Current economic development is highly dependent on natural resources, such as coal and oil. Punctual delivery of products is a key indicator of service performance in the production of natural resources. The production sites of natural resources are usually located far from densely populated places. In terms of logistics, transported products play an important role in the production of natural resources. However, railway transport declined constantly over the past decades . This decline is attributed to diverse reasons, such as unstable weather conditions, complex infrastructure, and bureaucratic inefficiency . Given the endogenous characteristics of railway transport, its scheduling suffers from the vulnerability of the transport process; thus, the delivery time of the cargo train is always out of control . To improve the efficiency of rail traffic, delay prediction, which is a necessary function of railway operation, should be explored.
Many researchers have investigated the train-delay problem and have presented numerous models and algorithms . The majority of previous works on delay estimation for railway networks concentrates on network and operational parameters (e.g., available resources, capacity, and timing), as well as their complex interactions . In this paper, artificial neural network (ANN) is applied to support stakeholders of railway operation in solving less-structured problems in daily business. This algorithm simplifies the process of decision-making by imitating human decision-making behavior.
This study is organized as follows. The literature review of delay models are introduced in Section 2. The theoretical background of the ANN model is described in Section 3. Result analysis is conducted in Section 4 to evaluate the performance of the ANN model. Section 5 closes the study with a conclusion and suggestions further development.
2. Literature Review
At the present time, the analysis of train delays are based on either analytical and simulation models. The major concern related to railway transport is complicated because of the endogenous property of multiple agents and tiers . The algorithms used to solve a system of equations may not be ideal for simple and accurate delay propagation. The effects of the interactions cannot be effectively captured in an analytical delay model .
By contrast, simulation models can develop simple and accurate mathematical relationships that effectively reflect the stochastic feature of the interactions of numerous traffic parameters, as well as their influence on delays in railway networks   . Various simulation methods are also applied to anticipate train delays, such as linear model , Markov-chain model , Monte-Carlo simulation , and grey system theory .
In the current problem, the set of the feasible solutions is complex because of the number of constraints (i.e., a solution that respects the constraints is unlikely to be determined through a hit and miss approach). The accuracy of the simulation results is highly sensitive to this possibility. However, an appropriate value for train delay possibility is difficult to set. This task requires not only a mature theory for support but also adequate experience in practical application . From the literature review, many challenging and long-standing problems are closely related to the delays posed. Some types of delays are difficult to anticipate, e.g. natural disaster, and thus applying a pattern to analyze, estimate, or predict is difficult.

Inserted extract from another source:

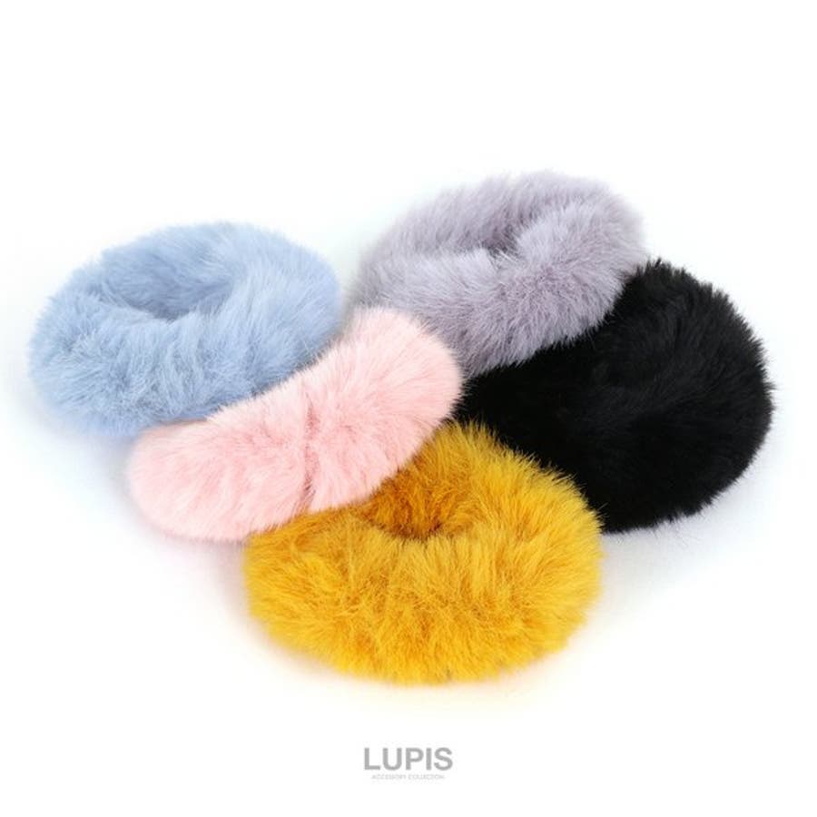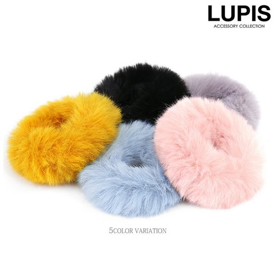 プチプラ シュシュ ヘアゴム ファー かわいい ふわふわ キッズ レディース ヘアアクセサリー ブラック グレー イエロー ブルー ピンク 安い 秋 冬 秋冬 ルピス LUPIS

Furthermore, railway network scheduling is featured as a discrete-event dynamic system; therefore, linear regression is generally unsuitable for defining a dependent variable in relation to delays in train transportation. Studies conducted with disaggregate data report that the relationship between delay events and delay time is often nonlinear, time-variable, and S-shaped . Artificial Neural Network (ANN) has distinguished advantages over traditional tactical methodologies (e.g., regression analysis, logistic regression, etc.) because it provides solutions to highly complex functions for nonlinear variables .
In the next section, a delay propagation model is presented based on ANN. It focuses on risks that are most frequently met in a railway network. Furthermore, the next section develops specific testable hypotheses.
This paper does not discuss the complete box of prediction tools but rather focus on one component―multilayer perception (MLP). MLP is a type of ANN that is capable of forecasting the influence of important delay factors. The background and fundamentals of MLP are introduced in the first subsection. Given the endogen disadvantages of MLP, genetic algorithm is proposed as a performance-improvement method for MLP in the second subsection separately.
3.1. Theoretical Fundamentals of MLP
MLP has been inspired by biological neural connections in the human brain. The architecture of an MLP is significantly more simplified than that of a biological brain system. An MLP normally consists of an input layer, (at least) an intermediate layer (i.e., the hidden layer), and an output layer, which shows the performance output of the system.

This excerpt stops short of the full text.